Segment Start: Input data

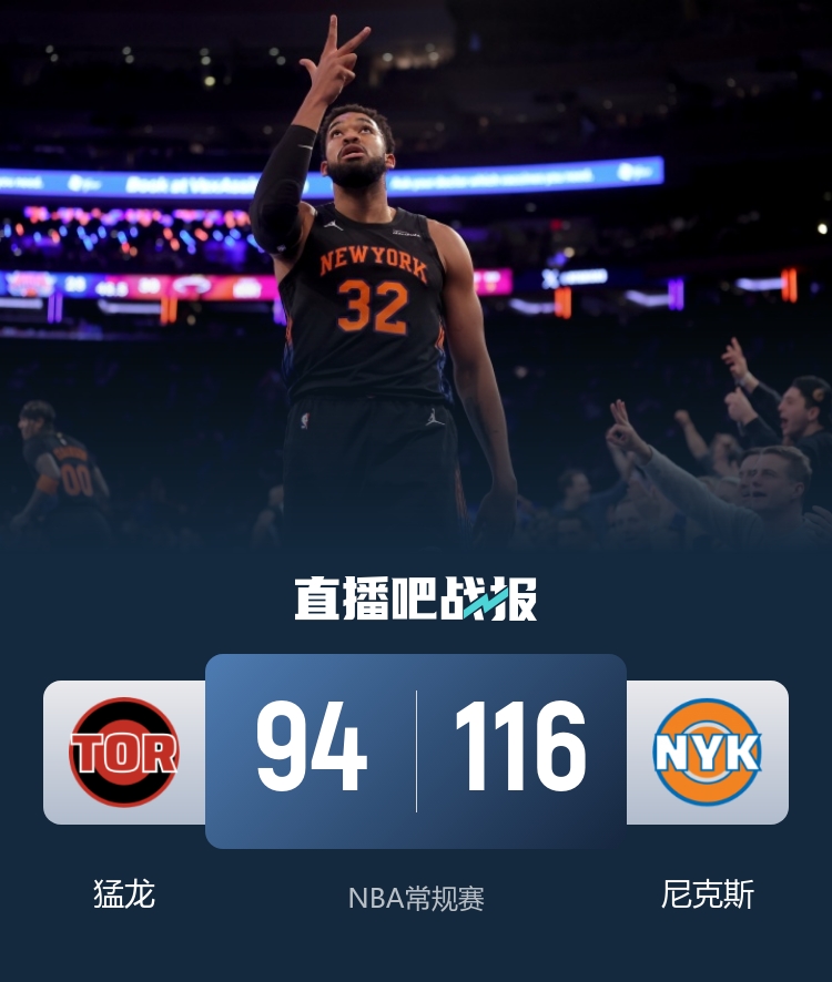 比赛上来,尼克斯就展示出了火热的外线手感,尤其是麦克布莱德开场四分钟就连中四记三分球,分差迅速就达到两位数,节末更是突破二十分,次节猛龙的外线也开了,他们连中四记三分球迫近比分,半场结束时分差仅剩7分;下半场回来,两队短暂拉锯后尼克斯再次发力,分差又是直逼二十分,末节比赛已经彻底失去悬念,分差再次突破二十分,最终尼克斯大胜猛龙迎来四连胜。
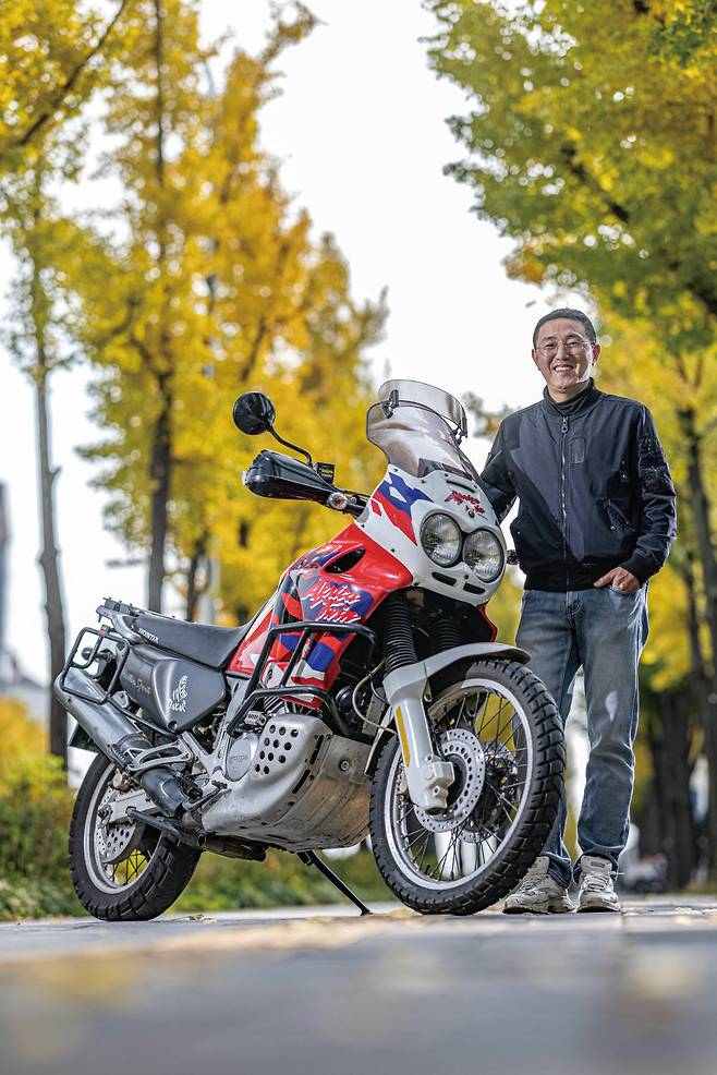 안녕하세요. 서울 마포에서 살고 있는 42살 김기환입니다. 하고 있는 일은 국내 인바운드 여행사를 운영하고 있습니다. 바이크를 타게 된 건 5년 전쯤 아는 형님이 바이크를 사시는 걸 보고, 어린 시절에 타던 기억이 떠오르기도 하고 갑자기 사고 싶어져서 핸디 50을 산 게 시작이었죠.(웃음) 그렇게 시작해서 주로 저 배기량 올드 바이크를 좋아해서 많이 가져왔어요. 그러다 우연히 알게 된 분과 바이크 이야기를 하다가 아프리카 트윈을 처음 알게 됐죠. 그분은 비행기 기장님이셨고, 아프리카 트윈 650과 750 두대를 가지고 계셨어요. 근데 직업이 직업이다 보니 국내에 자주 없으셔서 거의 소장만 하고 있던 걸 제가 가져오게 된 거에요. 그분이 650과 750 중에서 마음에 드는 걸로 가져가라고 하셨고, 디자인은 650이 더 마음에 들었지만, 아프리카 트윈으로 전국 일주를 해보고 싶은 마음에 부품수급이 더 좋은 750을 선택했습니다.
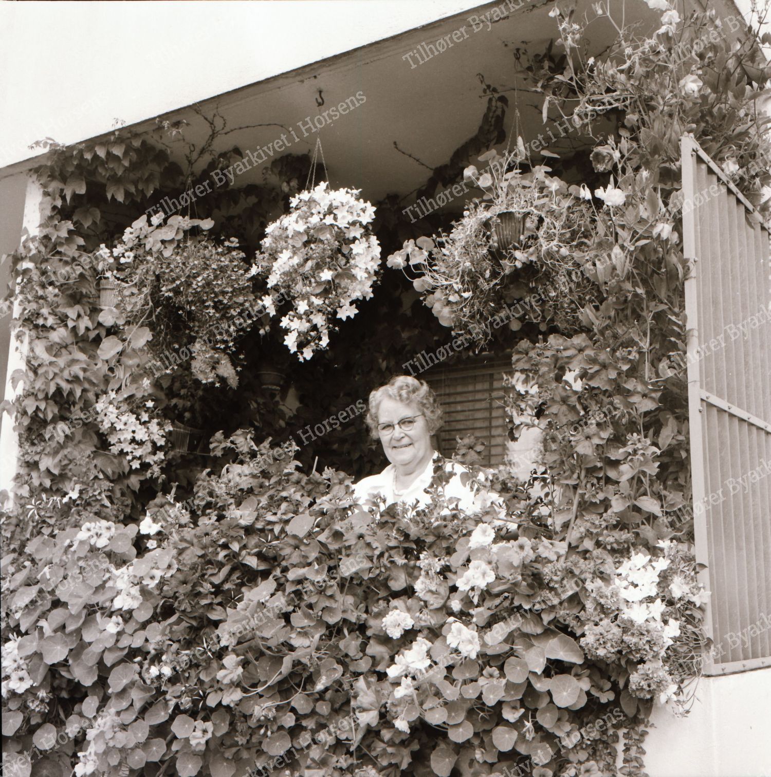 33/64. Fru Olga Andersen, Krystalgade 2A vandt den årlige altankonkurrence. HF 13/8-64.

Segment End: Input data

Exercise brief: The expected output is the material above, repeated exactly and free of pictures.

Answer to the problem:
 比赛上来,尼克斯就展示出了火热的外线手感,尤其是麦克布莱德开场四分钟就连中四记三分球,分差迅速就达到两位数,节末更是突破二十分,次节猛龙的外线也开了,他们连中四记三分球迫近比分,半场结束时分差仅剩7分;下半场回来,两队短暂拉锯后尼克斯再次发力,分差又是直逼二十分,末节比赛已经彻底失去悬念,分差再次突破二十分,最终尼克斯大胜猛龙迎来四连胜。
 안녕하세요. 서울 마포에서 살고 있는 42살 김기환입니다. 하고 있는 일은 국내 인바운드 여행사를 운영하고 있습니다. 바이크를 타게 된 건 5년 전쯤 아는 형님이 바이크를 사시는 걸 보고, 어린 시절에 타던 기억이 떠오르기도 하고 갑자기 사고 싶어져서 핸디 50을 산 게 시작이었죠.(웃음) 그렇게 시작해서 주로 저 배기량 올드 바이크를 좋아해서 많이 가져왔어요. 그러다 우연히 알게 된 분과 바이크 이야기를 하다가 아프리카 트윈을 처음 알게 됐죠. 그분은 비행기 기장님이셨고, 아프리카 트윈 650과 750 두대를 가지고 계셨어요. 근데 직업이 직업이다 보니 국내에 자주 없으셔서 거의 소장만 하고 있던 걸 제가 가져오게 된 거에요. 그분이 650과 750 중에서 마음에 드는 걸로 가져가라고 하셨고, 디자인은 650이 더 마음에 들었지만, 아프리카 트윈으로 전국 일주를 해보고 싶은 마음에 부품수급이 더 좋은 750을 선택했습니다.
 33/64. Fru Olga Andersen, Krystalgade 2A vandt den årlige altankonkurrence. HF 13/8-64.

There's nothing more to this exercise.